Thank God for my Husband .....
I miss my children !!!
Thank God for my Husband .....
I miss my children !!!
Recently I recieved a few new photos of my Brother ,who passed last sept. I viewed them yesterday and printed out one of the favorites . Since viewing them Ive gone back to the place where I was grieving so heavily . My heart aches from missing my brother so very much and now my only sister is moving away ,to VA. actually,which wouldnt be impossible to get to, but its not exactly next door either . At first I was mad ,now Im sad about her moving. I so wish her and I were closer . I truly miss her too .
Yesterday was filled with memories ,tears and longings .Isnt life funny ,how it turns out sometimes ? And now its moving faster then I can could of ever imagined it would .
My daughter inlaw has cancer ... I come here to vox and check for her writings everyday . I often read them with tear filled eyes and an aching heart. I wonder just how it will all turn out . Hopefully with a new found cure in the immediate future .
....She's so brave . My heart aches for her and my son . I want so badly to be able to take all their pain and suffering away but unfortunately thats not how it works . I pray daily for some miracle to happen to make her well again . Im certain her family is going thur hell too . I also pray daily for them .
She can still make me laugh at the world when we speak ...she's so positive and so strong .. Im so proud of her . I love her with all my heart just as I do my own children .
I worry about the two of them . I do believe that my son was made for her and visa versa . Isnt it weird how things happen sometimes ? Like how you meet someone that you absolutely adore for life ! Amazing ,just amazing .
Here's to years more of making memories together ................
ps.
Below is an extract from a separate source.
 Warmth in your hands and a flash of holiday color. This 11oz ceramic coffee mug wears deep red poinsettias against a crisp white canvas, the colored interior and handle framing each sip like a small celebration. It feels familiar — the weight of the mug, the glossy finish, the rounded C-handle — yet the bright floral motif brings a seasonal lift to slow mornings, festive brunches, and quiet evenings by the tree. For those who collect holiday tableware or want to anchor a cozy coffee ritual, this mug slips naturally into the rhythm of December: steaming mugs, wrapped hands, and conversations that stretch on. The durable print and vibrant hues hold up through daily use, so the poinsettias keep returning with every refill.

See you in 2009 for that HUGE PARTY the two of you are going to throw !!!!! XOXOXO
Finally ! Mark ,my youngest son will be returning home on April 27th . I'm so excited to be having him come home to stay for awhile , a long while ,I hope !
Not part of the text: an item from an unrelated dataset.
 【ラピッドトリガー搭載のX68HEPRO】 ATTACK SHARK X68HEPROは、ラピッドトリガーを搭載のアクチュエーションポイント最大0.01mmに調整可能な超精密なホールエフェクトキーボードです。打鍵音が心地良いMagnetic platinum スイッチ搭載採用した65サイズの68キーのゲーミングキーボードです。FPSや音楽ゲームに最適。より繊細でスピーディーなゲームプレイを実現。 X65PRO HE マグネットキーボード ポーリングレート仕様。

My dream now is to have a holiday or any day when all 3 of my children are in the same room together with me . God ,how I miss them being underfoot .
Amazing how short 30yrs really is ! I wish I had understood the value of "Time" long ago ! I do understand it now and it seems to go by faster then ever ! I need to start enjoying every minute I'm given here and I plan to !
Marks homecoming is something Ive been looking forward to for a very long time now .I've got everything all set up for him ... his room is cozy and clean and warm and filled with many of the Christmas gifts he didnt get ,same with Easter ....and Ive gotten some drawing supplies for him so he can draw his heart out . I think he will be pleasantly surprised this time .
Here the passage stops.